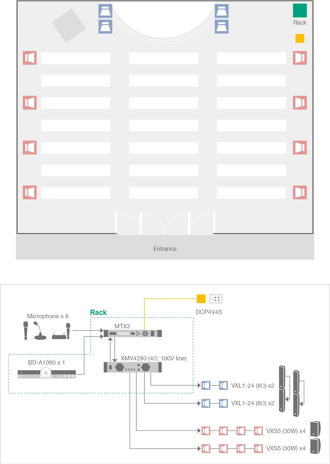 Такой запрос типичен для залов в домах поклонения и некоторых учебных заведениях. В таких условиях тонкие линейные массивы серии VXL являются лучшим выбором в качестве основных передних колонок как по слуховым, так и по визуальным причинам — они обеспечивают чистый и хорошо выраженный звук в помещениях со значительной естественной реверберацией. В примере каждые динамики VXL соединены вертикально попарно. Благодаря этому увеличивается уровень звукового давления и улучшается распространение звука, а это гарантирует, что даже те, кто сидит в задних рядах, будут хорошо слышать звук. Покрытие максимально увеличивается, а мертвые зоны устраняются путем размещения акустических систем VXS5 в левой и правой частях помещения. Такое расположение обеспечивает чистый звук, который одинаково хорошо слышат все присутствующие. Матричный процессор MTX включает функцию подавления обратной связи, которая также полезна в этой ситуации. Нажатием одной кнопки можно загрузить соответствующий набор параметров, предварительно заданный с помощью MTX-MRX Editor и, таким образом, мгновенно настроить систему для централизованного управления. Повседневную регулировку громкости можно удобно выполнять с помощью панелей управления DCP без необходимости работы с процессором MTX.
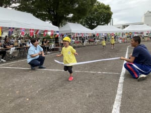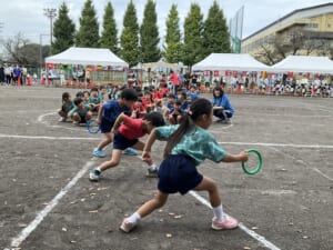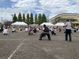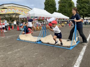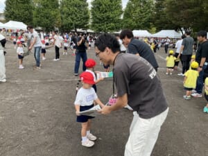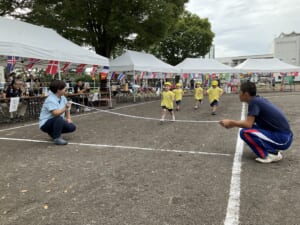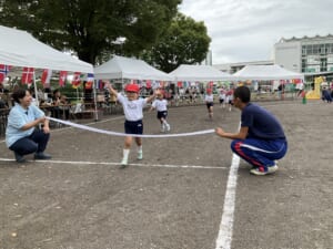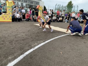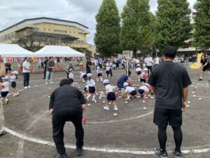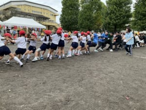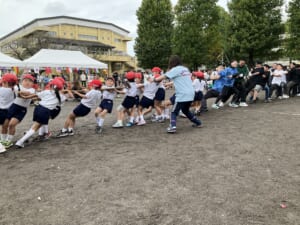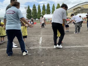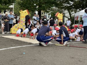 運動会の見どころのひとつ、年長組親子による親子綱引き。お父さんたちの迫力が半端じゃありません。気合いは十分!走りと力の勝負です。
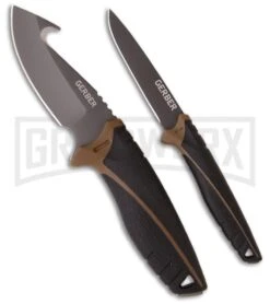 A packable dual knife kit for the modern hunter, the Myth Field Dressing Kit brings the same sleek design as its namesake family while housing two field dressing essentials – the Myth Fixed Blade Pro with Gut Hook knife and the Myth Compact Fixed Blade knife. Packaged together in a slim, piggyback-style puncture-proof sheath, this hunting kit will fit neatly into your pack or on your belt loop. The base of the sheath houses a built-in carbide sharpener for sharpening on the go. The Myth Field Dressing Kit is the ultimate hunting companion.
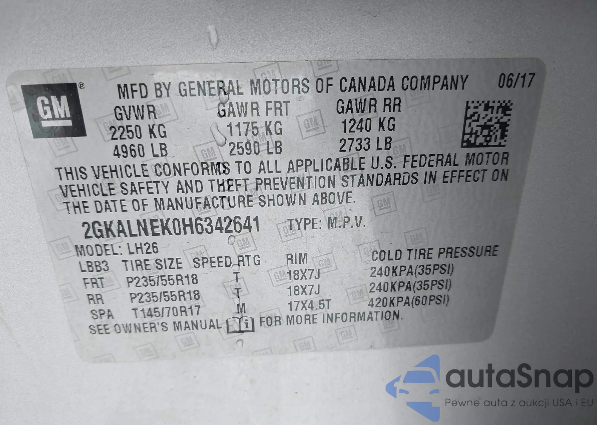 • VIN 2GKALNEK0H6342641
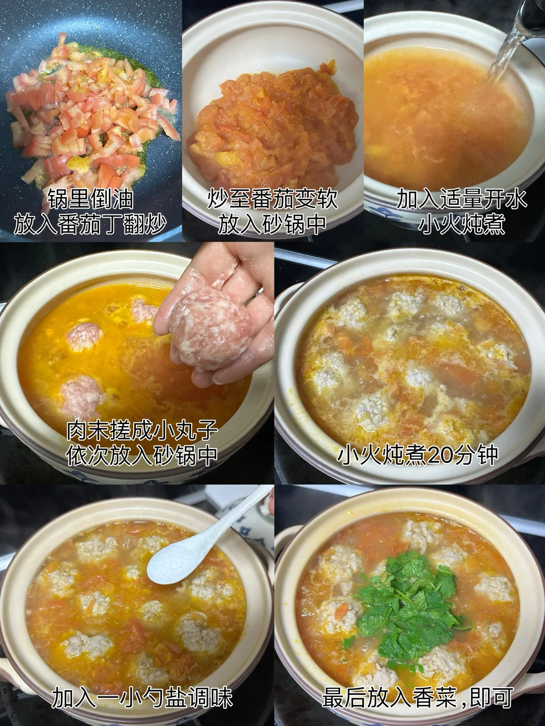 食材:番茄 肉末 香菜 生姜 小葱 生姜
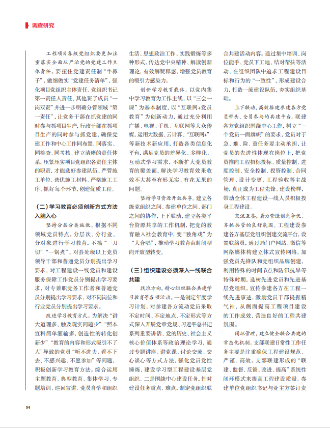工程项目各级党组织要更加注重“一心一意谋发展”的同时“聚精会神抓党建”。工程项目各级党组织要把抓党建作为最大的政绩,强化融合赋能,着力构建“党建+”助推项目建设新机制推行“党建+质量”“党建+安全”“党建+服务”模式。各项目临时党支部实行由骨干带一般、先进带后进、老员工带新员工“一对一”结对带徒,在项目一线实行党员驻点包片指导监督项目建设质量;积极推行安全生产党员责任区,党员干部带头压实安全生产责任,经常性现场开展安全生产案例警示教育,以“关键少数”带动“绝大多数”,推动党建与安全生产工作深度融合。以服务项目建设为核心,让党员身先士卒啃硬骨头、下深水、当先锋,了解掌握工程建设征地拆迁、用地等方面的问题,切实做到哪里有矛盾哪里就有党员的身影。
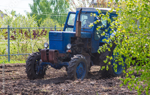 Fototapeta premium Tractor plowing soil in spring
──────
TASK INSTRUCTIONS
Write out the whole listing exactly, and drop the pictures.

OUTPUT BELOW
 Такой запрос типичен для залов в домах поклонения и некоторых учебных заведениях. В таких условиях тонкие линейные массивы серии VXL являются лучшим выбором в качестве основных передних колонок как по слуховым, так и по визуальным причинам — они обеспечивают чистый и хорошо выраженный звук в помещениях со значительной естественной реверберацией. В примере каждые динамики VXL соединены вертикально попарно. Благодаря этому увеличивается уровень звукового давления и улучшается распространение звука, а это гарантирует, что даже те, кто сидит в задних рядах, будут хорошо слышать звук. Покрытие максимально увеличивается, а мертвые зоны устраняются путем размещения акустических систем VXS5 в левой и правой частях помещения. Такое расположение обеспечивает чистый звук, который одинаково хорошо слышат все присутствующие. Матричный процессор MTX включает функцию подавления обратной связи, которая также полезна в этой ситуации. Нажатием одной кнопки можно загрузить соответствующий набор параметров, предварительно заданный с помощью MTX-MRX Editor и, таким образом, мгновенно настроить систему для централизованного управления. Повседневную регулировку громкости можно удобно выполнять с помощью панелей управления DCP без необходимости работы с процессором MTX.
 運動会の見どころのひとつ、年長組親子による親子綱引き。お父さんたちの迫力が半端じゃありません。気合いは十分!走りと力の勝負です。
 A packable dual knife kit for the modern hunter, the Myth Field Dressing Kit brings the same sleek design as its namesake family while housing two field dressing essentials – the Myth Fixed Blade Pro with Gut Hook knife and the Myth Compact Fixed Blade knife. Packaged together in a slim, piggyback-style puncture-proof sheath, this hunting kit will fit neatly into your pack or on your belt loop. The base of the sheath houses a built-in carbide sharpener for sharpening on the go. The Myth Field Dressing Kit is the ultimate hunting companion.
 • VIN 2GKALNEK0H6342641
 食材:番茄 肉末 香菜 生姜 小葱 生姜
工程项目各级党组织要更加注重“一心一意谋发展”的同时“聚精会神抓党建”。工程项目各级党组织要把抓党建作为最大的政绩,强化融合赋能,着力构建“党建+”助推项目建设新机制推行“党建+质量”“党建+安全”“党建+服务”模式。各项目临时党支部实行由骨干带一般、先进带后进、老员工带新员工“一对一”结对带徒,在项目一线实行党员驻点包片指导监督项目建设质量;积极推行安全生产党员责任区,党员干部带头压实安全生产责任,经常性现场开展安全生产案例警示教育,以“关键少数”带动“绝大多数”,推动党建与安全生产工作深度融合。以服务项目建设为核心,让党员身先士卒啃硬骨头、下深水、当先锋,了解掌握工程建设征地拆迁、用地等方面的问题,切实做到哪里有矛盾哪里就有党员的身影。
 Fototapeta premium Tractor plowing soil in spring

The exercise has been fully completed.